Gerson’s attorney Jerry Tanenbaum of Mattleman, Weinroth & Miller could not immediately be reached for comments on Monday afternoon.
Gerson claimed the incident resulted from the “extremely dangerous behavior of a student who had created a life-threatening situation” by throwing “a block of ice” on his windshield that “nearly” resulted in him driving off the road.
The math teacher was driving behind the school bus. A boy tossed what the district calls a snowball and what he calls a “block of ice” from the rear window of the school bus. He also claims to not have banged on the bus door because the driver immediately allowed him in. The driver recognized the teacher and opened the bus door, according to officials.
The student was belligerent, according to Gerson. “He turned his back to me and refused to turn around when I told him to so that I could visually identify him. He was verbally combative and was cursing at me,” he wrote. He admitted to putting his hands on the student. He wrote the student fell because the floor was wet “probably from the ice and snow he had more of on the bus.”
Gerson says he was never on top of the student.
“I undertook my actions out of concern for safety, and in [a] way caused [an] unsafe situation myself,” wrote Gerson in his document.
Gerson’s document says he did not harm the boy citing an investigation by the New Jersey Institutional Abuse Investigation Unit.
Gerson views the district’s move to strip him of tenure to terminate him as “misplaced and overtly extreme.” For 18 years, 15 with tenure, Gerson taught at the district.
“In all that time, I have never even been accused, let alone found, to have acted in any way with students or administrators other than in [an] exemplary fashion,” Gerson wrote. “Throughout those many years of service, I have often been rated as exceeds expectation or highly effective by my superiors.”
His latest evaluation earned him a highly effective 4.0 score, according to his response to the charges. His salary was $70,500.
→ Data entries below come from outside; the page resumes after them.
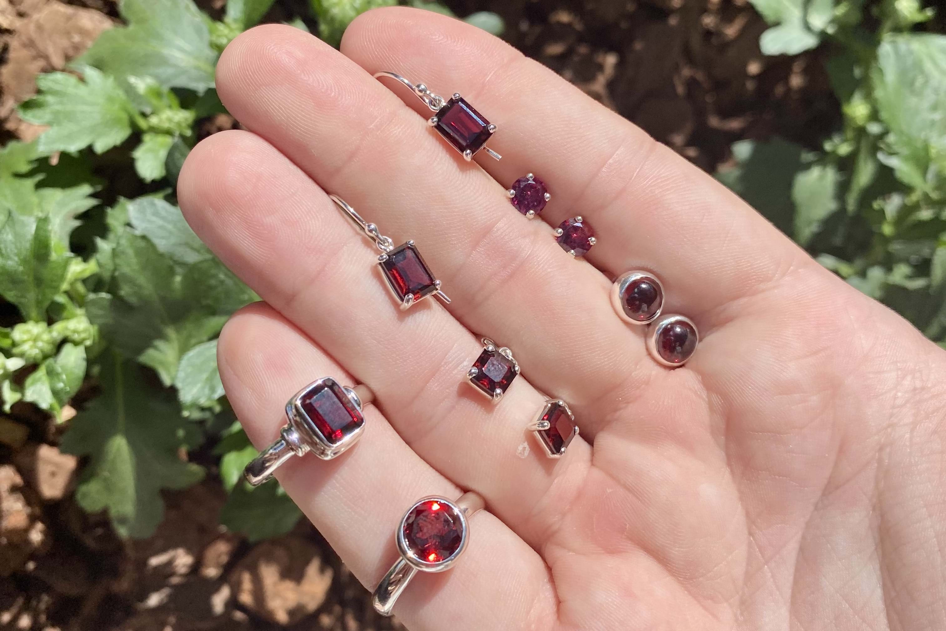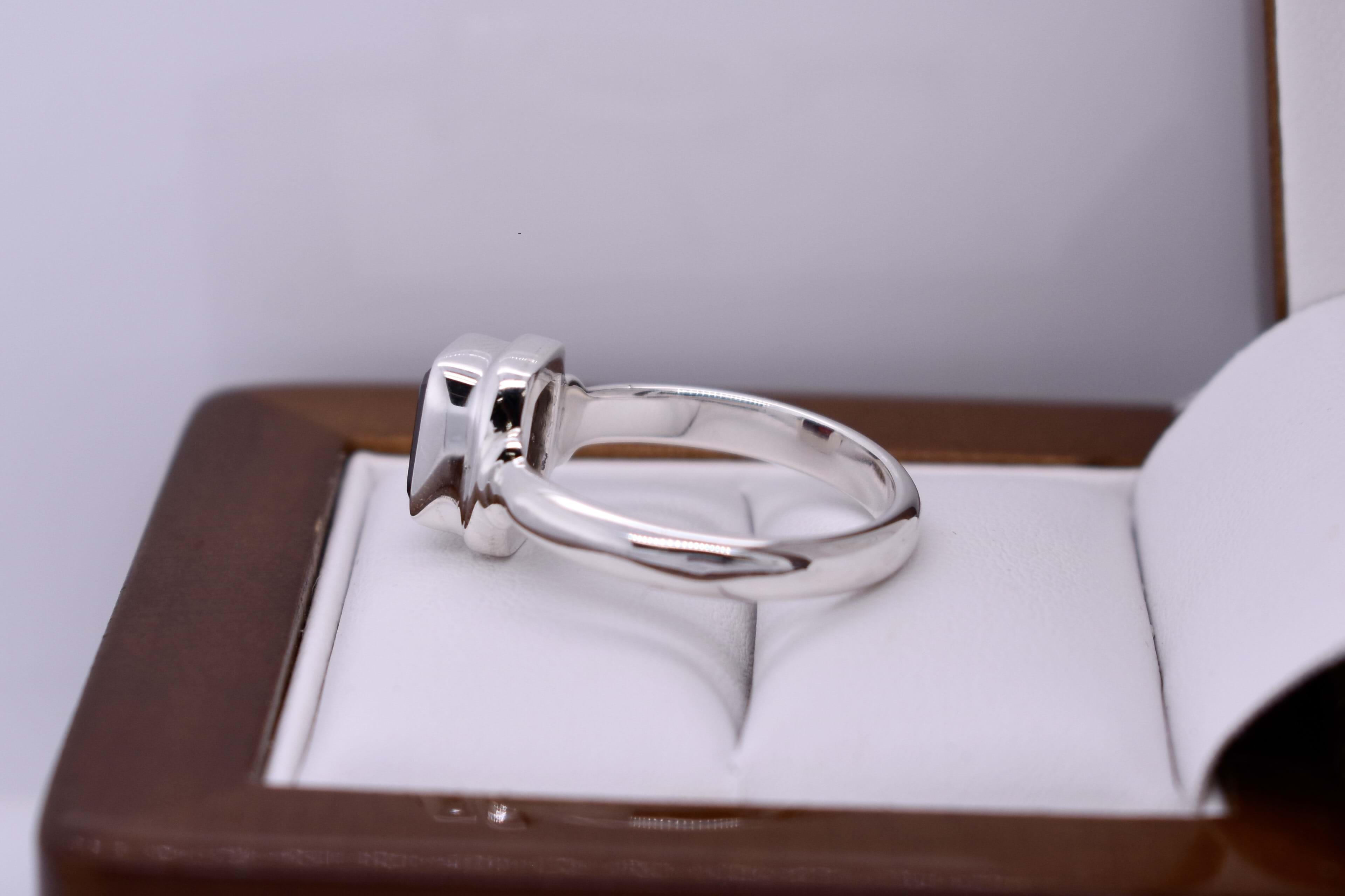The prettiest ring, featuring an emerald cut red garnet, measuring 10.3x8.5mm, set with a stepped bezel border in sterling silver. Completed with a plain band. Finger size N+.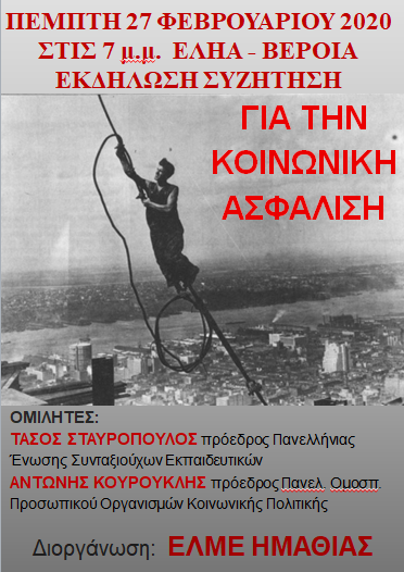 Η ΕΛΜΕ Ημαθίας προσκαλεί όλους τους συναδέλφους και κάθε ενδιαφερόμενο στην ενημερωτική εκδήλωση συζήτηση με θέμα την κοινωνική ασφάλιση, που θα πραγματοποιηθεί την Πέμπτη 27 Φεβρουαρίου 2020 στις 7μ.μ. στο χώρο Εληά στη Βέροια με ομιλητές τους ΤΑΣΟ ΣΤΑΥΡΟΠΟΥΛΟ, Πρόεδρο της Πανελλήνιας Ένωσης Συνταξιούχων Εκπαιδευτικών και ΑΝΤΩΝΗ ΚΟΥΡΟΥΚΛΗ, πρόεδρο της Πανελλήνιας Ομοσπονδίας Προσωπικού Οργανισμών Κοινωνικής Πολιτικής.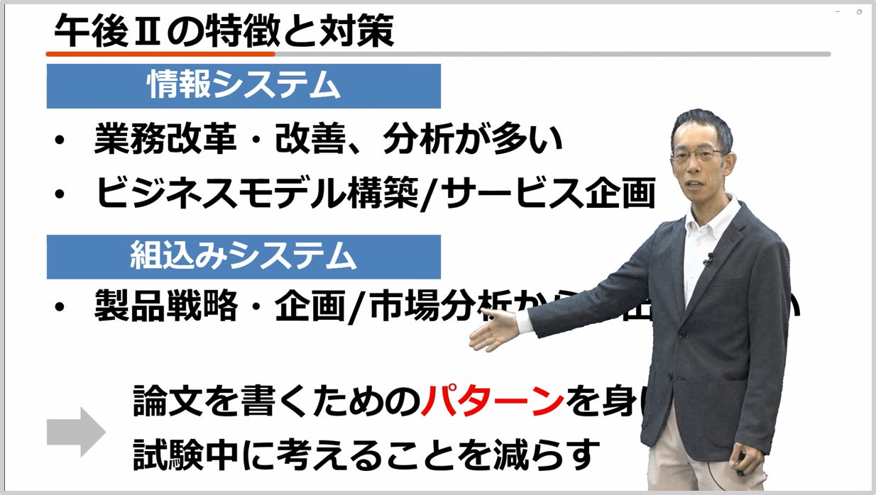 そこで、スタディングの午後Ⅱ試験対策では、未経験でも書けるアプローチ方法と事前準備方法、さらに採点者の視点を踏まえた解法ノウハウを動画で実践的にお伝えします。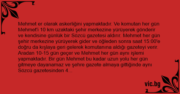 Mehmet er olarak askerliğini yapmaktadır. Ve komutan her gün Mehmet'i 10 km uzaktaki şehir merkezine yürüyerek gönderir ve kendisine günlük bir Sözcü gazetesi aldırır. Mehmet her gün şehir merkezine yürüyerek gider ve öğleden sonra saat 15:00'e doğru da kışlaya geri gelerek komutanına aldığı gazeteyi verir. Aradan 10-15 gün geçer ve Mehmet her gün aynı işlemi yapmaktadır. Bir gün Mehmet bu kadar uzun yolu her gün gitmeye dayanamaz ve şehre gazete almaya gittiğinde aynı Sözcü gazetesinden 4 adet alır ve karargaha geri döner ve komutana gazetelerden bir tanesini verir. Diğer 3 gazeteyi de kendisinde saklar.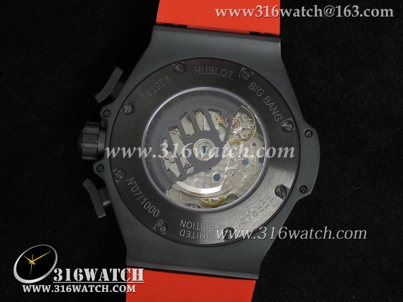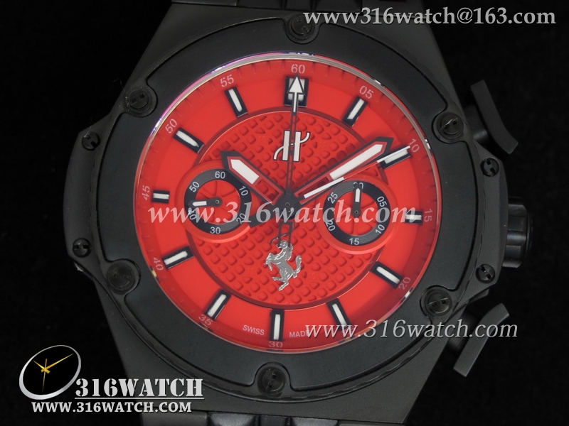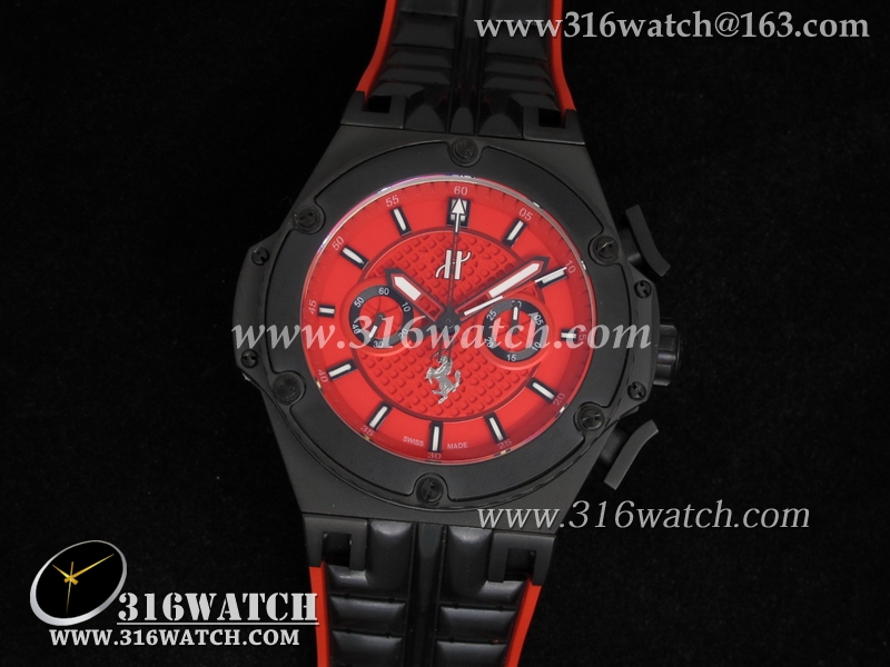 高仿宇舶Hublot-大爆炸限量版系列 国王权力法拉利限量版 黑色PVD壳 红色表盘 亚洲7750计时机械表 HB0087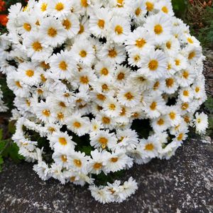 花盛りのキクで、庭が にぎわっています🎶 🧡🩷❤️💚🤍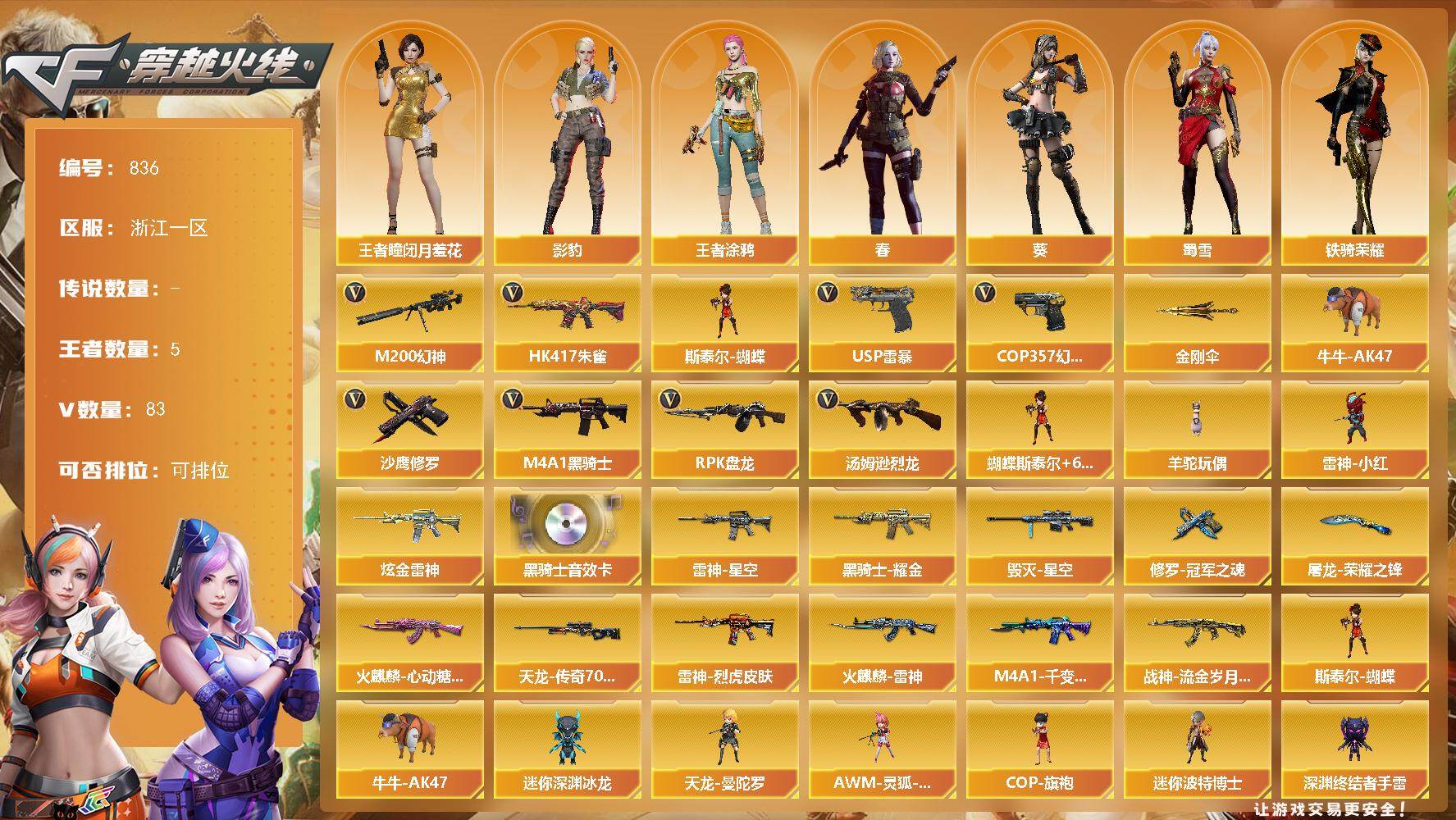 浙江一区-83V-5王者-1炫金【热门武器】:HK417-朱雀,M200-幻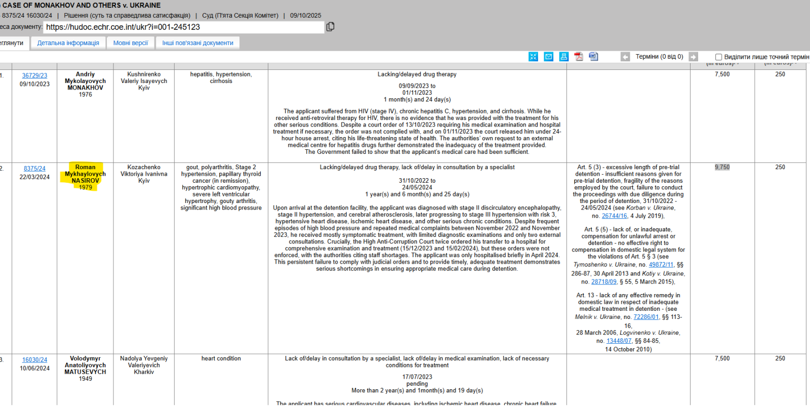 Так, ЄСПЛ об’єднав групу заяв, серед яких і скарга Романа Насірова. Заявники стверджували, що вони не отримували належної медичної допомоги під час тримання під вартою (заяви об’єднані у справі «Монахов та інші проти України»).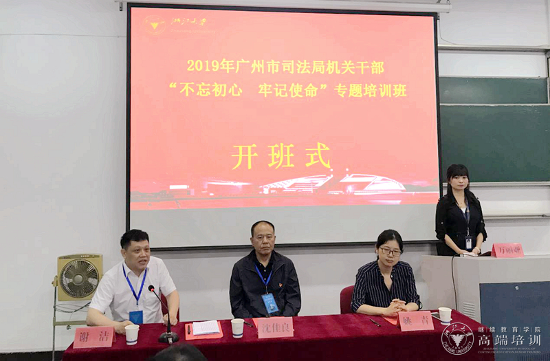 6月21日上午,受广州市司法局委托,由浙江大学继续教育学院承办的2019年广州市司法局机关干部“不忘初心 牢记使命”专题培训班在西溪校区顺利开班。广州市司法局副调研员沈佳良,广州市司法局副调研员谢洁,浙江大学继续教育学院副院长姚青出席了开班式。来自广州司法机关的70名学员参加了本次培训学习。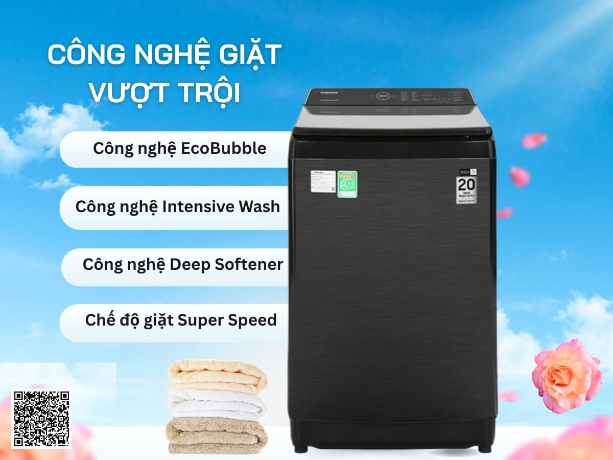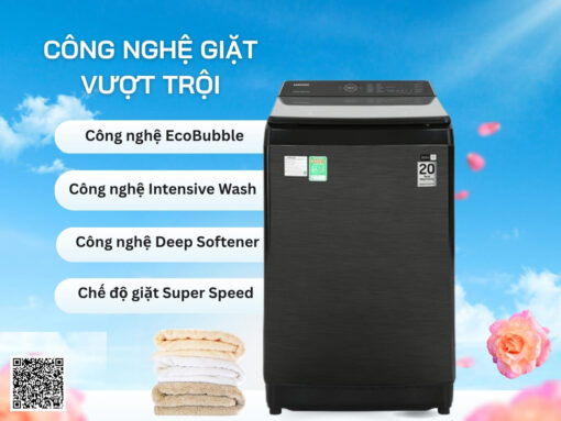 Đây là công nghệ giặt sạch sâu độc quyền của Samsung. Trên máy giặt Samsung WA12CG5745BVSV, trước khi chu trình giặt bắt đầu, công nghệ này sử dụng máy tạo bọt để hòa tan bột giặt với không khí và nước, tạo ra các bong bóng xà phòng siêu mịn. Các bong bóng này có khả năng thẩm thấu vào từng sợi vải nhanh hơn gấp 40 lần so với dung dịch giặt tẩy thông thường, giúp làm lỏng và loại bỏ các vết bẩn cứng đầu một cách hiệu quả. Đặc biệt, EcoBubble giặt sạch vượt trội ngay cả trong nước lạnh (lên đến 15°C), góp phần tiết kiệm đáng kể điện năng tiêu thụ và bảo vệ màu sắc cũng như chất liệu vải tốt hơn.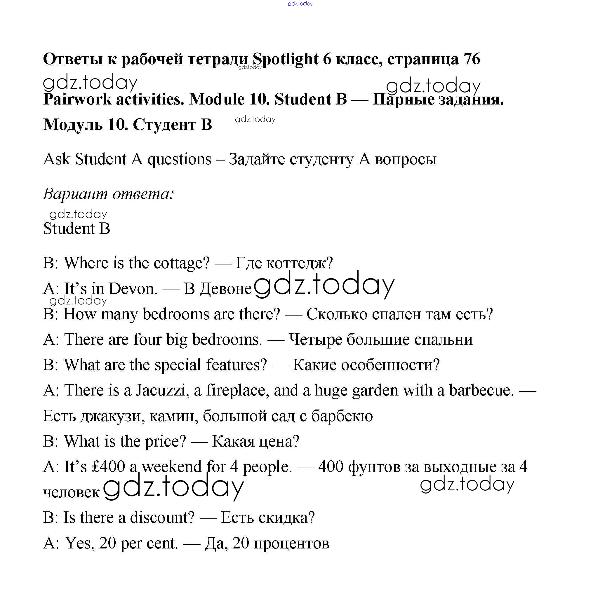 Ответы к Страницы (решение) 76 Рабочей тетради по Английскому языку для 6 класса Эванс, Дули Просвещение Spotlight 2011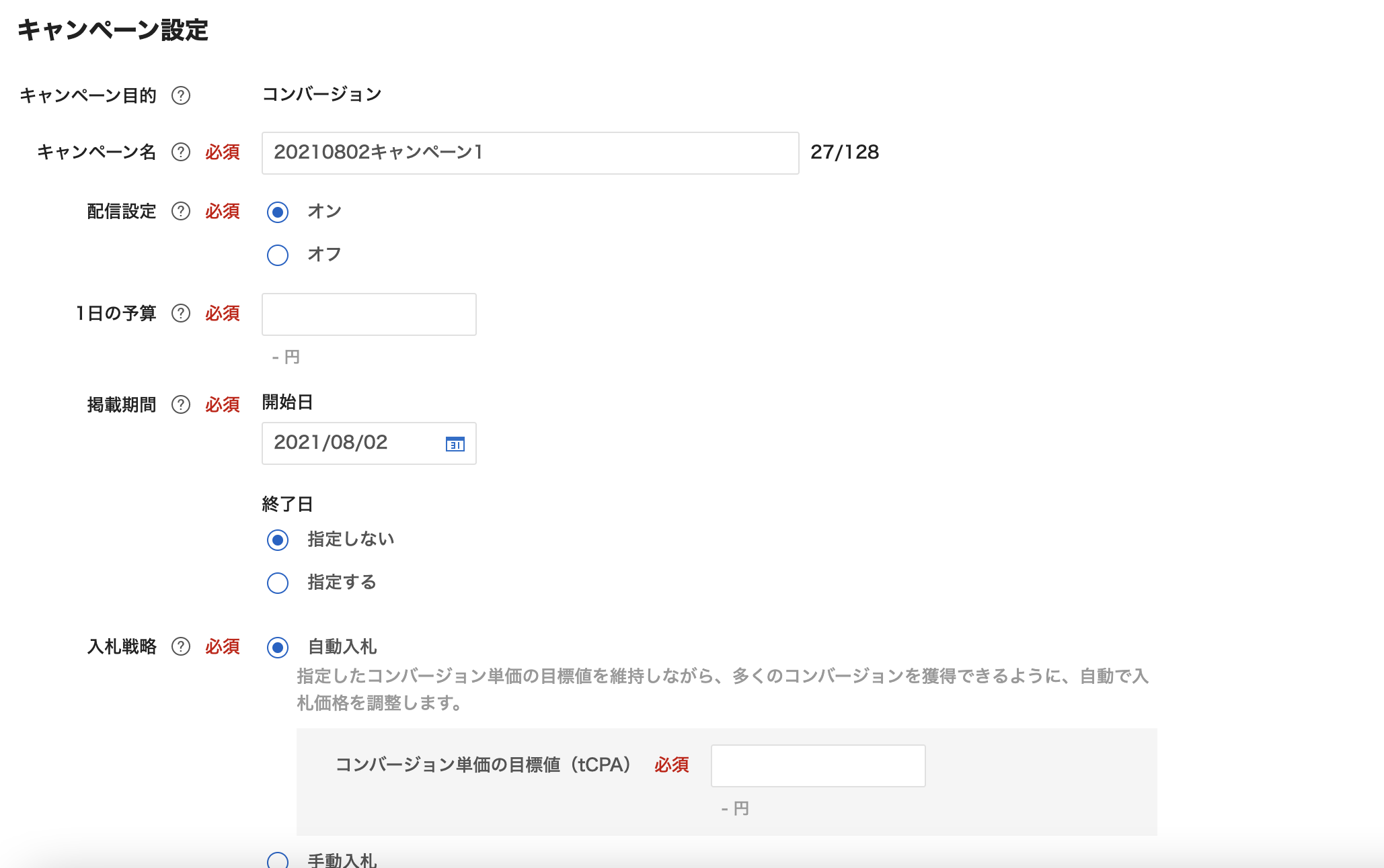 キャンペーン作成画面が表示されるので、それぞれの各項目を入力します。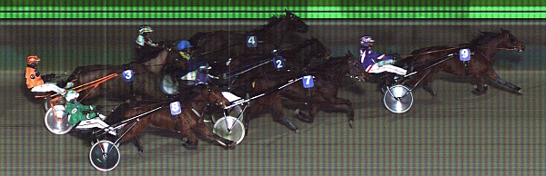 JOLLEX: Laukkasi keskipareista 1. takasuoran alussa, uudet laukat taustalla runsas kierros jäljellä ja 3. kurvissa.
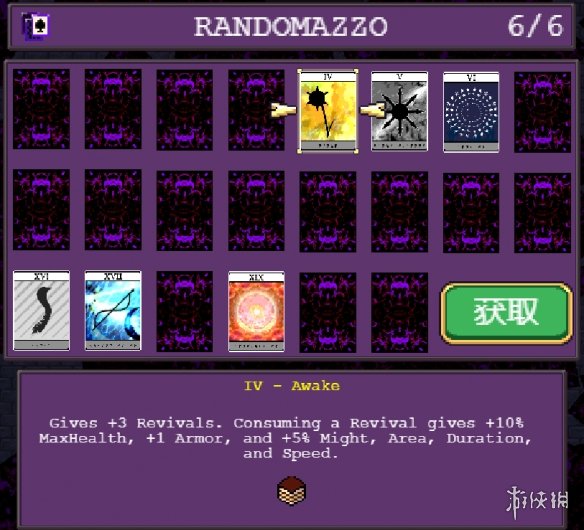 卡牌4:+3次復活。消耗一次復活可以獲得+10%的最大生命值、+1護甲和+5%的力量、範圍、持續時間和速度。

School board members reviewed the case in a closed-door meeting and certified tenure charges last week.
Gerson is charged with conduct unbecoming including inappropriate use of physical force, physical contact with students, improper corporal punishment, inappropriate language, and putting students at risk of harm. He was placed in the rubber room pending an investigation of the incident. He is presently suspended without pay, according to school officials.